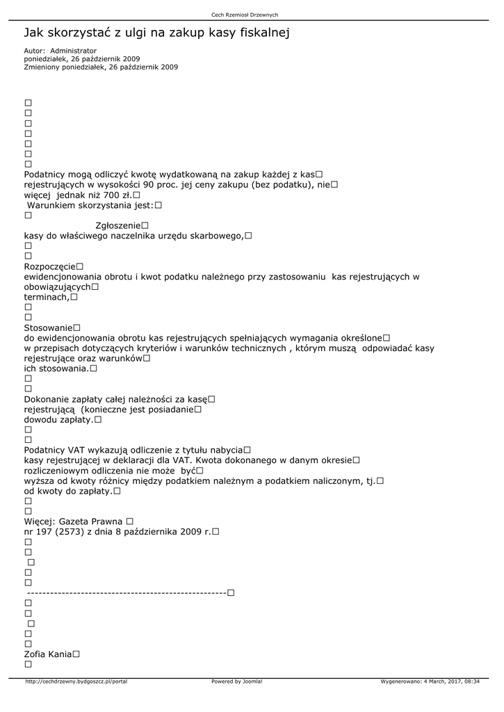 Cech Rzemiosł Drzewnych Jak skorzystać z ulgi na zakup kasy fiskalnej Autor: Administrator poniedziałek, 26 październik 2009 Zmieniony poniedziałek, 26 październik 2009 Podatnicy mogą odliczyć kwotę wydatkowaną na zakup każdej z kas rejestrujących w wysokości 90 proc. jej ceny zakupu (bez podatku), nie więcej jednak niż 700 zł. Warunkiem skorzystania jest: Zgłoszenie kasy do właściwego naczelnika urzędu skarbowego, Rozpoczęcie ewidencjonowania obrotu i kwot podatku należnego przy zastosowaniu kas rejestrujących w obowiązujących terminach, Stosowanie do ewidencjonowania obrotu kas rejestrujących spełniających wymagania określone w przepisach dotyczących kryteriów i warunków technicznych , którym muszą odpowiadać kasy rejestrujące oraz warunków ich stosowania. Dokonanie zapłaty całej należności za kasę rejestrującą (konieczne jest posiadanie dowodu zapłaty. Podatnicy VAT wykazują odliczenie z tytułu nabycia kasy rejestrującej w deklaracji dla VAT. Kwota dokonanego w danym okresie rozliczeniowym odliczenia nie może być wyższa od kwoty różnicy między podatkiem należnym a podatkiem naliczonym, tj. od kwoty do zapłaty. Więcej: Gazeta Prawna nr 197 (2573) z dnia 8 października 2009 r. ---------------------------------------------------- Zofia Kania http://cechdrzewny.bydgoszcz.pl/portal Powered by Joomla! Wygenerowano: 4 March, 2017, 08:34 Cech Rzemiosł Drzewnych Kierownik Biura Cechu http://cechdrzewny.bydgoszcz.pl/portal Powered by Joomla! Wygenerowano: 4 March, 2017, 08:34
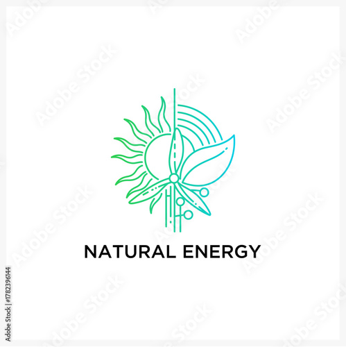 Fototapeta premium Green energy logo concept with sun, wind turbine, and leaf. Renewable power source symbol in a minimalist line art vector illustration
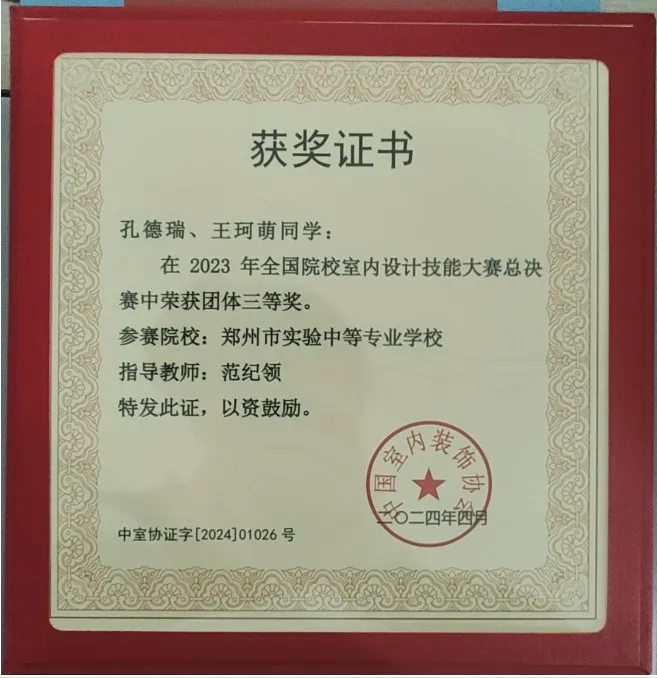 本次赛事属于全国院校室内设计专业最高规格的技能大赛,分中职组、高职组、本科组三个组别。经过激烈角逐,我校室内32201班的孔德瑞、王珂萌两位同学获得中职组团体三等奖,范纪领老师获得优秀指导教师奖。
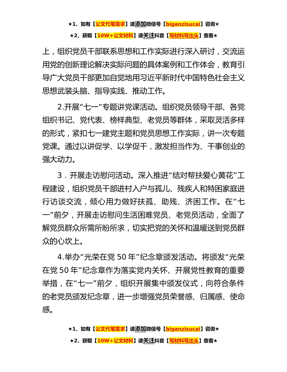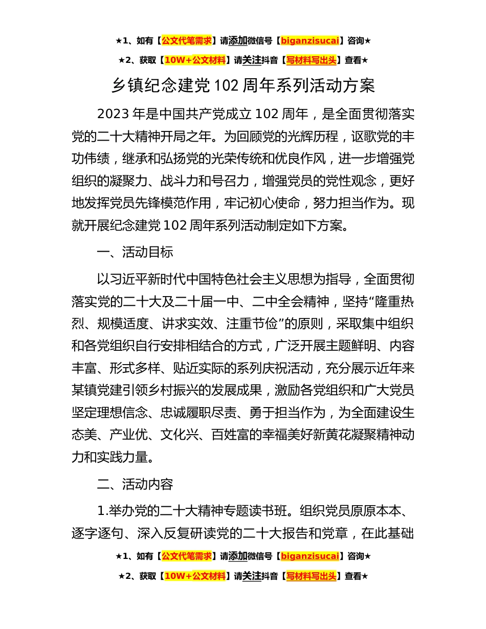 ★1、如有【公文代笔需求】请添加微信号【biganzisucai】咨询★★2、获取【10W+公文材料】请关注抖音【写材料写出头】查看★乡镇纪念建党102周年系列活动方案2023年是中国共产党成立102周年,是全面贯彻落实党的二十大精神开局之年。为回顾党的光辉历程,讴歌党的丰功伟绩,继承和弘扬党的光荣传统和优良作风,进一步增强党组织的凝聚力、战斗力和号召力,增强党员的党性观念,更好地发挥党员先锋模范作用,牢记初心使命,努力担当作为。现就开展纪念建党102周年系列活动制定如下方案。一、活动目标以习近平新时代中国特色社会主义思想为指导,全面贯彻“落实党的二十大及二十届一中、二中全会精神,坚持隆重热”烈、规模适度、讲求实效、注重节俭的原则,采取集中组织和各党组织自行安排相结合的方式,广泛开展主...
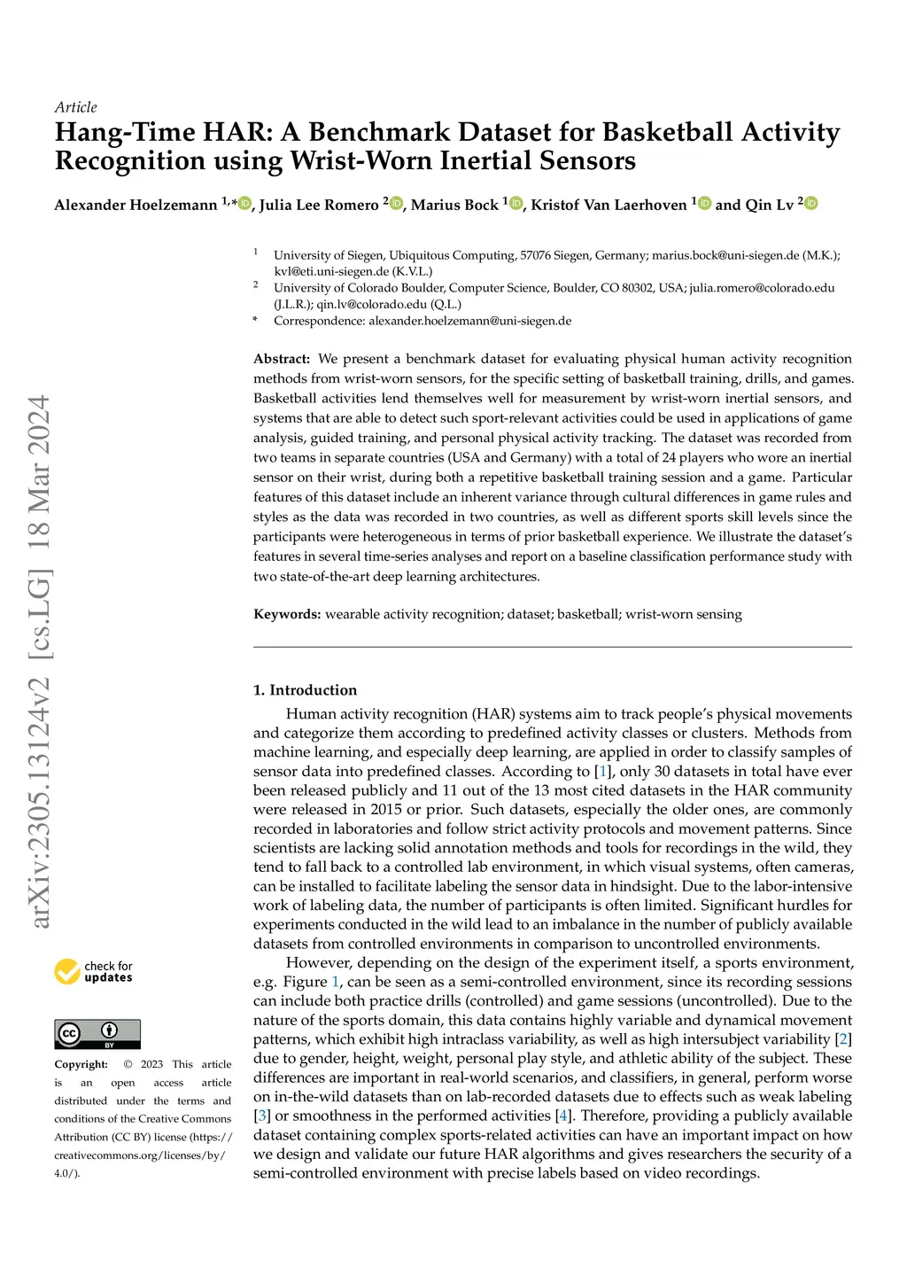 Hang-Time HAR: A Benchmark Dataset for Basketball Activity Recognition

YOUR TASK — Return the entries above exactly as they appear. Pictures should not be copied.

WORKED SOLUTION —
 Cech Rzemiosł Drzewnych Jak skorzystać z ulgi na zakup kasy fiskalnej Autor: Administrator poniedziałek, 26 październik 2009 Zmieniony poniedziałek, 26 październik 2009 Podatnicy mogą odliczyć kwotę wydatkowaną na zakup każdej z kas rejestrujących w wysokości 90 proc. jej ceny zakupu (bez podatku), nie więcej jednak niż 700 zł. Warunkiem skorzystania jest: Zgłoszenie kasy do właściwego naczelnika urzędu skarbowego, Rozpoczęcie ewidencjonowania obrotu i kwot podatku należnego przy zastosowaniu kas rejestrujących w obowiązujących terminach, Stosowanie do ewidencjonowania obrotu kas rejestrujących spełniających wymagania określone w przepisach dotyczących kryteriów i warunków technicznych , którym muszą odpowiadać kasy rejestrujące oraz warunków ich stosowania. Dokonanie zapłaty całej należności za kasę rejestrującą (konieczne jest posiadanie dowodu zapłaty. Podatnicy VAT wykazują odliczenie z tytułu nabycia kasy rejestrującej w deklaracji dla VAT. Kwota dokonanego w danym okresie rozliczeniowym odliczenia nie może być wyższa od kwoty różnicy między podatkiem należnym a podatkiem naliczonym, tj. od kwoty do zapłaty. Więcej: Gazeta Prawna nr 197 (2573) z dnia 8 października 2009 r. ---------------------------------------------------- Zofia Kania http://cechdrzewny.bydgoszcz.pl/portal Powered by Joomla! Wygenerowano: 4 March, 2017, 08:34 Cech Rzemiosł Drzewnych Kierownik Biura Cechu http://cechdrzewny.bydgoszcz.pl/portal Powered by Joomla! Wygenerowano: 4 March, 2017, 08:34
 Fototapeta premium Green energy logo concept with sun, wind turbine, and leaf. Renewable power source symbol in a minimalist line art vector illustration
 本次赛事属于全国院校室内设计专业最高规格的技能大赛,分中职组、高职组、本科组三个组别。经过激烈角逐,我校室内32201班的孔德瑞、王珂萌两位同学获得中职组团体三等奖,范纪领老师获得优秀指导教师奖。
 ★1、如有【公文代笔需求】请添加微信号【biganzisucai】咨询★★2、获取【10W+公文材料】请关注抖音【写材料写出头】查看★乡镇纪念建党102周年系列活动方案2023年是中国共产党成立102周年,是全面贯彻落实党的二十大精神开局之年。为回顾党的光辉历程,讴歌党的丰功伟绩,继承和弘扬党的光荣传统和优良作风,进一步增强党组织的凝聚力、战斗力和号召力,增强党员的党性观念,更好地发挥党员先锋模范作用,牢记初心使命,努力担当作为。现就开展纪念建党102周年系列活动制定如下方案。一、活动目标以习近平新时代中国特色社会主义思想为指导,全面贯彻“落实党的二十大及二十届一中、二中全会精神,坚持隆重热”烈、规模适度、讲求实效、注重节俭的原则,采取集中组织和各党组织自行安排相结合的方式,广泛开展主...
 Hang-Time HAR: A Benchmark Dataset for Basketball Activity Recognition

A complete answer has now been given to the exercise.